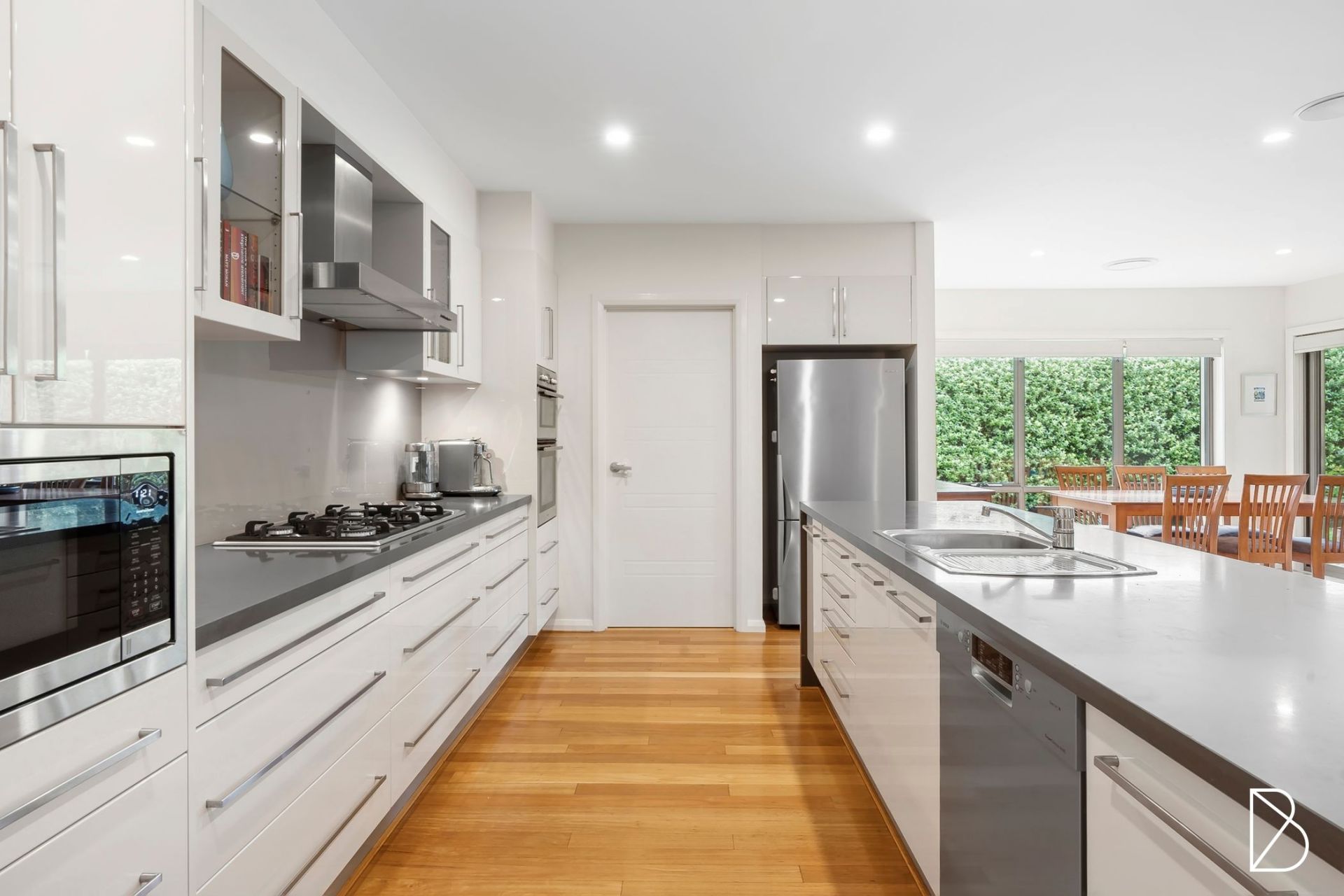 - well appointed kitchen with large stone island bench, walk-in pantry and five burner gas cooktop
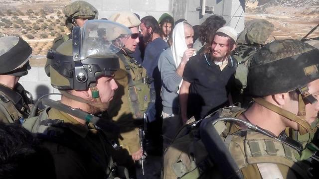 The settlers' arrest in Qusra (Photo: Zacharia Sadah, Rabbis for Human Rights)
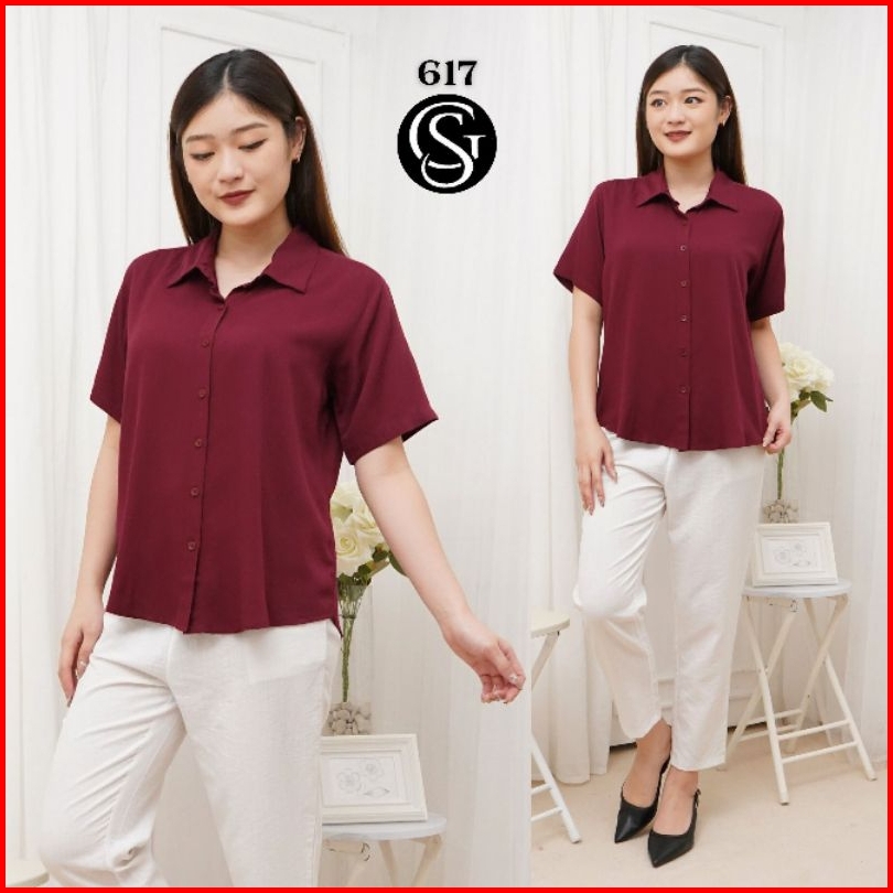 Kemeja Wanita Kemeja Wanita Tangan Pendek Katun Twill 30s - 617

# # #

What is expected:
In transcribing the listing, keep each word as it is and drop the pictures.

Reply to the exercise:
 - well appointed kitchen with large stone island bench, walk-in pantry and five burner gas cooktop
 The settlers' arrest in Qusra (Photo: Zacharia Sadah, Rabbis for Human Rights)
 Kemeja Wanita Kemeja Wanita Tangan Pendek Katun Twill 30s - 617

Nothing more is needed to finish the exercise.